▸ WHAT YOU NEED TO DO
An exact transcription of all the data is required, with every image removed.

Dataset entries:

########################################

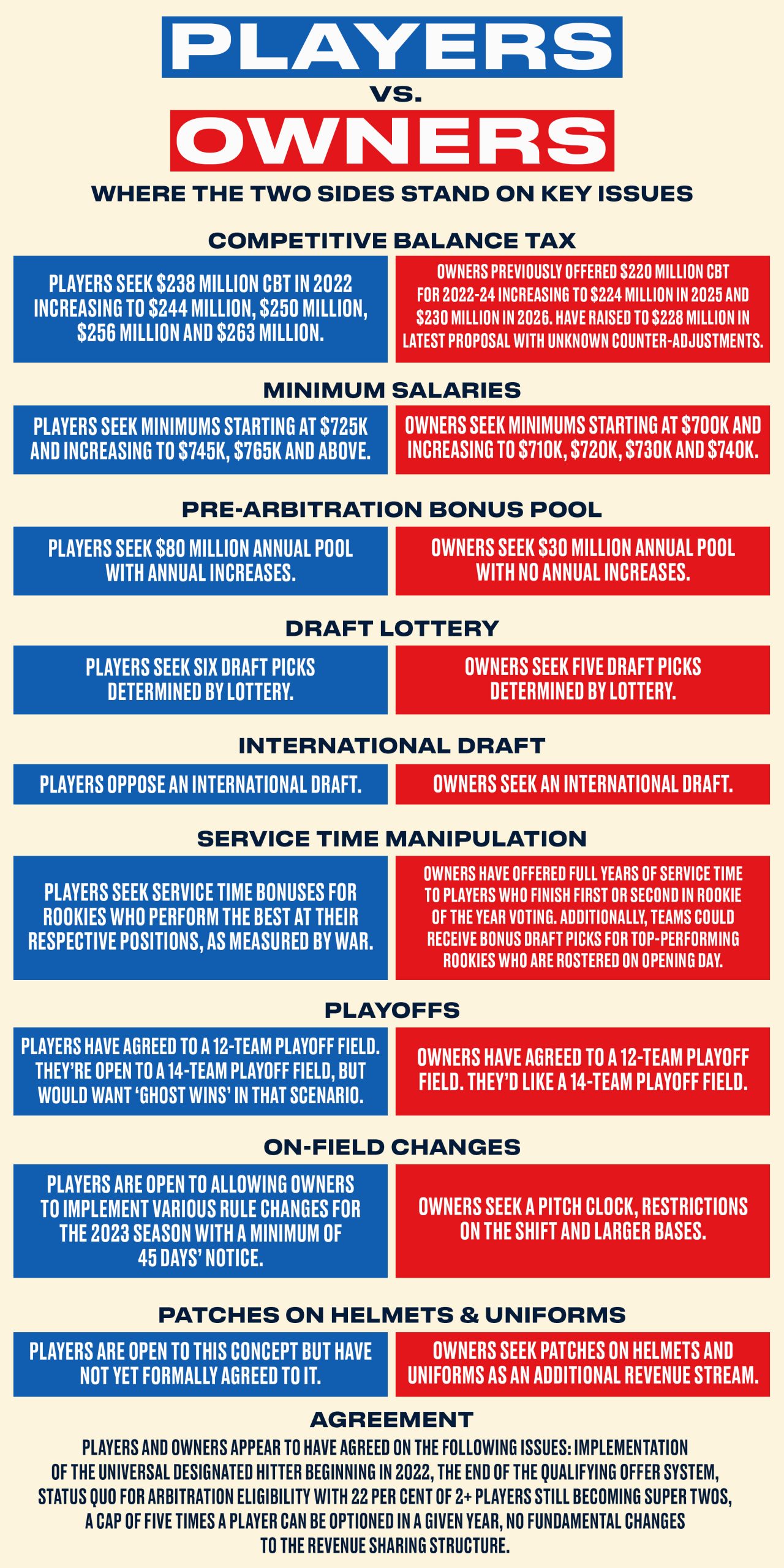 Hypothetically, if MLB offered to increase the MLB minimum salary to $1 million, that could be a concession worth upwards of $100 million annually to the players. That in itself would be a massive game-changer. If the owners were willing to do that while also agreeing to the players’ proposed figures for the pre-arbitration bonus pools, you might have a path to a deal without increasing the CBT much beyond $220 million.
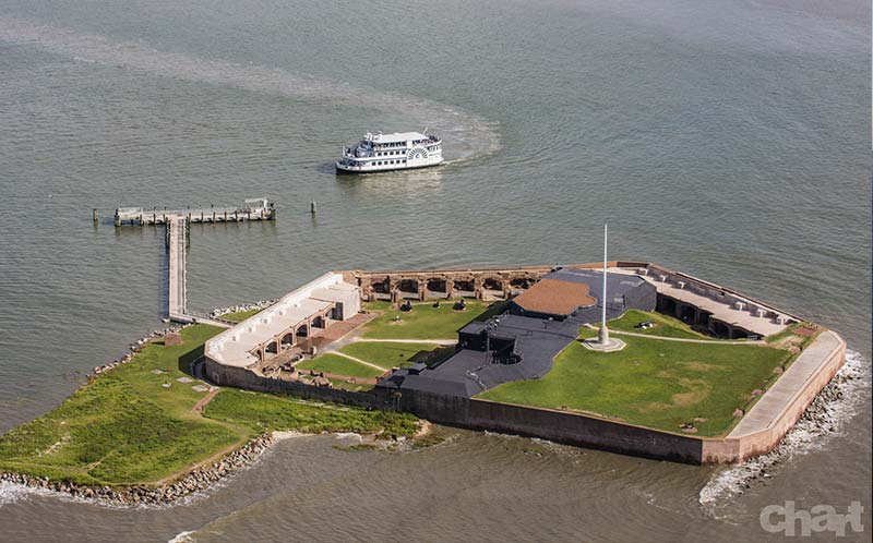 Cruise Charleston Harbor and pass by notable American landmarks, including Fort Sumter, the aircraft carrier USS Yorktown, Charleston Battery, the Ravenel Bridge, and Castle Pinckney.
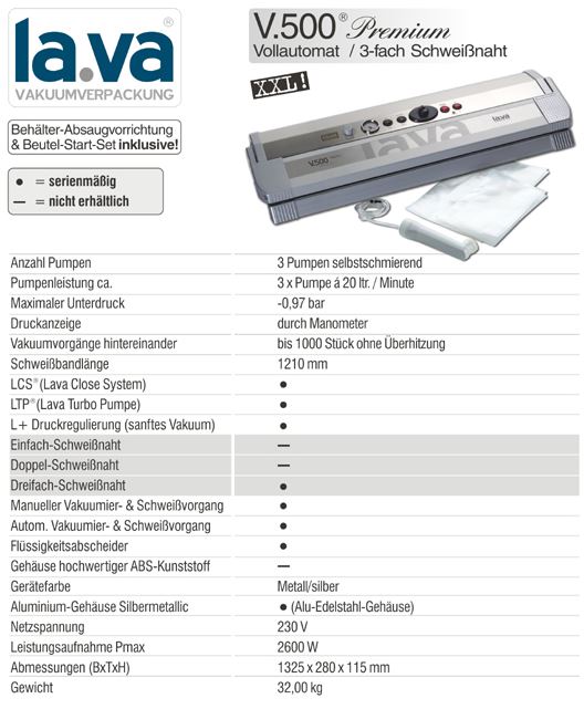 Vakuumiergerät la.va v.500 Premium mit 121 cm Breite + 70 € Gratis Set - riesig & Robust!
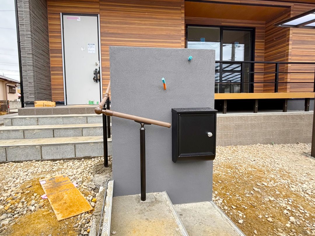 門塀の造作が終わり、ポストが付きました。 玄関までの階段の施工中です。
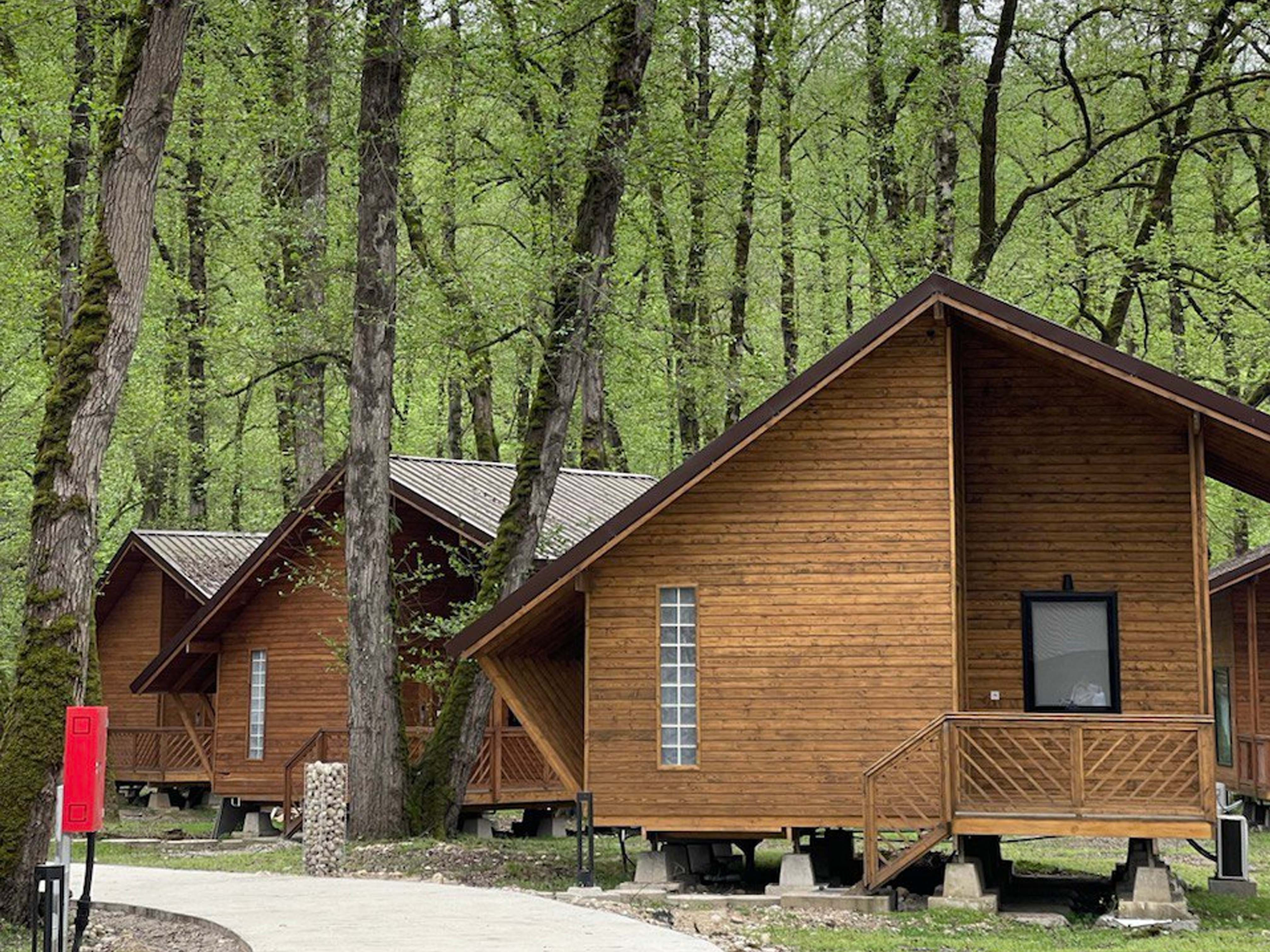 ویلای چوبی دو نفره: این واحدها با طراحی گرم و دلنشین، برای زوجهایی که به دنبال اقامت در فضای دنج جنگلی هستند، مناسب به نظر میرسد.
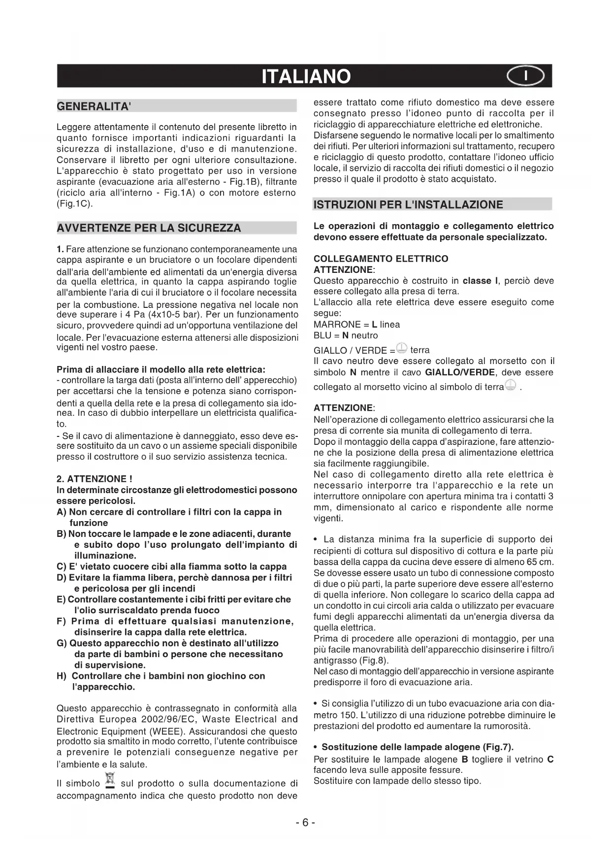 CAPPA ASPIRANTE - Istruzioni per l'uso
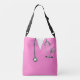 Nurse purse! Cute medical-themed design for your favourite nurse, doctor or physician assistant featuring pink scrubs and funny Swiss army knife. Edit text to add name.
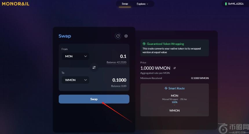 交互内容(链接:https://testnet-preview.monorail.xyz/):将 MON 测试币兑换成 WMON。
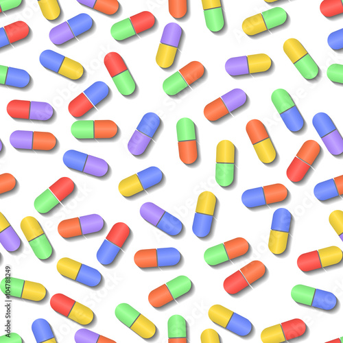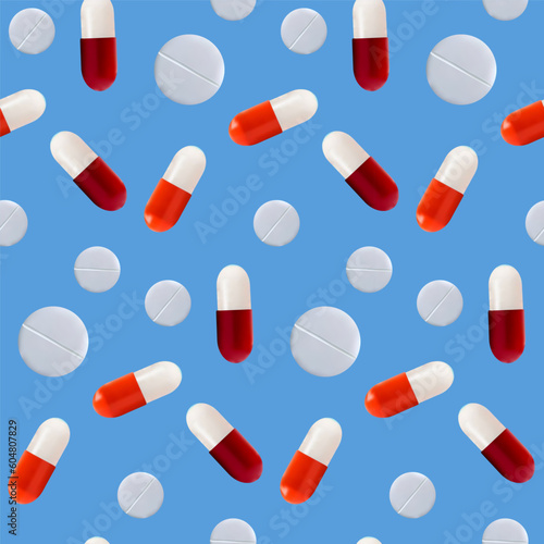 Falling pills seamless pattern. Vector realistic pharmaceutical capsules, tablets, caplets and softgels.

########################################

▸ ANSWER BELOW
 Hypothetically, if MLB offered to increase the MLB minimum salary to $1 million, that could be a concession worth upwards of $100 million annually to the players. That in itself would be a massive game-changer. If the owners were willing to do that while also agreeing to the players’ proposed figures for the pre-arbitration bonus pools, you might have a path to a deal without increasing the CBT much beyond $220 million.
 Cruise Charleston Harbor and pass by notable American landmarks, including Fort Sumter, the aircraft carrier USS Yorktown, Charleston Battery, the Ravenel Bridge, and Castle Pinckney.
 Vakuumiergerät la.va v.500 Premium mit 121 cm Breite + 70 € Gratis Set - riesig & Robust!
 門塀の造作が終わり、ポストが付きました。 玄関までの階段の施工中です。
 ویلای چوبی دو نفره: این واحدها با طراحی گرم و دلنشین، برای زوجهایی که به دنبال اقامت در فضای دنج جنگلی هستند، مناسب به نظر میرسد.
 CAPPA ASPIRANTE - Istruzioni per l'uso
 Nurse purse! Cute medical-themed design for your favourite nurse, doctor or physician assistant featuring pink scrubs and funny Swiss army knife. Edit text to add name.
 交互内容(链接:https://testnet-preview.monorail.xyz/):将 MON 测试币兑换成 WMON。
 Falling pills seamless pattern. Vector realistic pharmaceutical capsules, tablets, caplets and softgels.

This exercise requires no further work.